Most salamanders are homebodies when it comes to mating. But some of the beasts hit the road, traversing miles of rugged terrain unfit for an amphibian in pursuit of a partner from a far-away wetland.
And when those adventurers leave home, they travel an average of six miles – and as far as almost nine miles – to new breeding sites, a new study has found.
That’s a long haul on four squatty legs.
The scientists who unlocked this evolutionarily important information got there by cross-referencing genetic details from salamanders in various Ohio wetlands with the distance the animals would walk on a treadmill before tiring out.
The research, published online this month in the journal Functional Ecology, is the work of scientists at The Ohio State University who want to better understand how and where salamanders procreate and how that fits into work to preserve the animals, including land conservation efforts.
It is a mystery what prompts a salamander to cross rocks, fields, streams and roads to mate and, in the process, mix up the genetics of another salamander outpost far from home, said lead author Robert Denton.
“It has to be incredibly intimidating for these tiny salamanders. They could get eaten by a crow or a raccoon. They could dry out,” said Denton, a presidential research fellow in Ohio State’s Department of Evolution, Ecology and Organismal Biology.
“This is the first study to connect physiological factors – particularly how fast they get tired of walking – with genetics showing animal movement in the field.”
Understanding these connections is critical to predicting how environmental and other changes can harm species, Denton said. Dispersal – leaving the birthplace for a new habitat – is a key element of keeping a species genetically healthy, he said.
Animal travel for breeding is a complex area of research, he said. There are a lot of factors to consider, including how they decide to move, why only certain animals hit the road and how they actually complete the journey – in a series of shorter trips or all at once, for instance.
And when it comes to salamanders, things get particularly tricky.
“They live these really mysterious lives – we only see them out for a couple days in the spring. They spend most of their time just hiding,” Denton said.

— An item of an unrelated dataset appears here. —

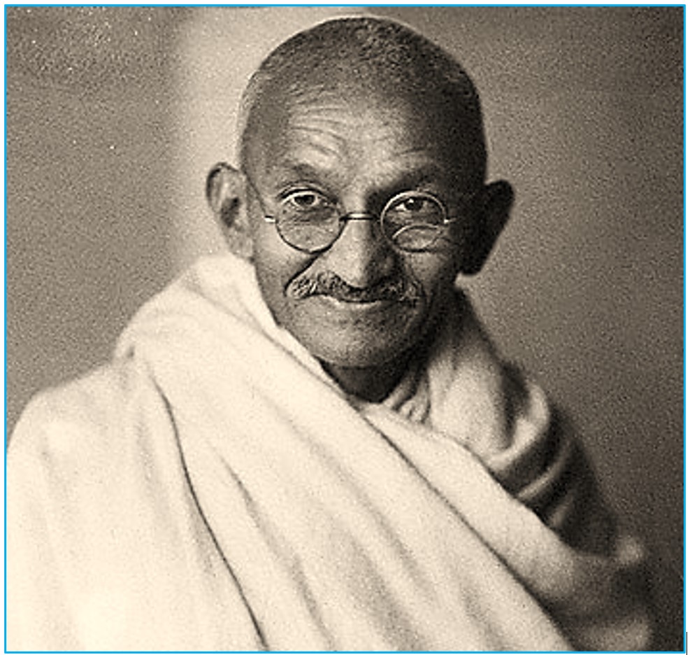 [8] Ο Μοχάντας Γκάντι (1869-1948), επίσης γνωστός ως Μαχάτμα Γκάντι, ήταν Ινδός δικηγόρος, στοχαστής και επαναστάτης ακτιβιστής. Υπήρξε σημαντικός πνευματικός οδηγός της Ινδίας και του κινήματος για την ανεξαρτησία της, καθώς και εμπνευστής της μεθόδου παθητικής αντιστάσεως χωρίς τη χρήση βίας έναντι των καταπιεστών. Η διδασκαλία του, σε συνδυασμό με τον ασκητικό του βίο, τον κατέστησαν παγκόσμιο σύμβολο της φιλοσοφικής και κοινωνικής διανοήσεως του 20ού αιώνος. Έγινε ευρύτερα γνωστός με την προσωνυμία Μαχάτμα, που σημαίνει «Μεγάλη Ψυχή». Τα γενέθλια του Γκάντι στις 2 Οκτωβρίου εορτάζονται παγκοσμίως ως η Παγκόσμια Ημέρα της μη Βίας.

Furthermore, they have fragile skin that prevents insertion of any kind of tracking device.
To shed light on the mystery, the researchers looked at genetic diversity and endurance in two types of mole salamanders (part of the Ambystoma genus.) One type is all-female and reproduces by cloning and sometimes borrowing sperm that males leave behind on twigs and leaves. The other type mates in a more traditional manner.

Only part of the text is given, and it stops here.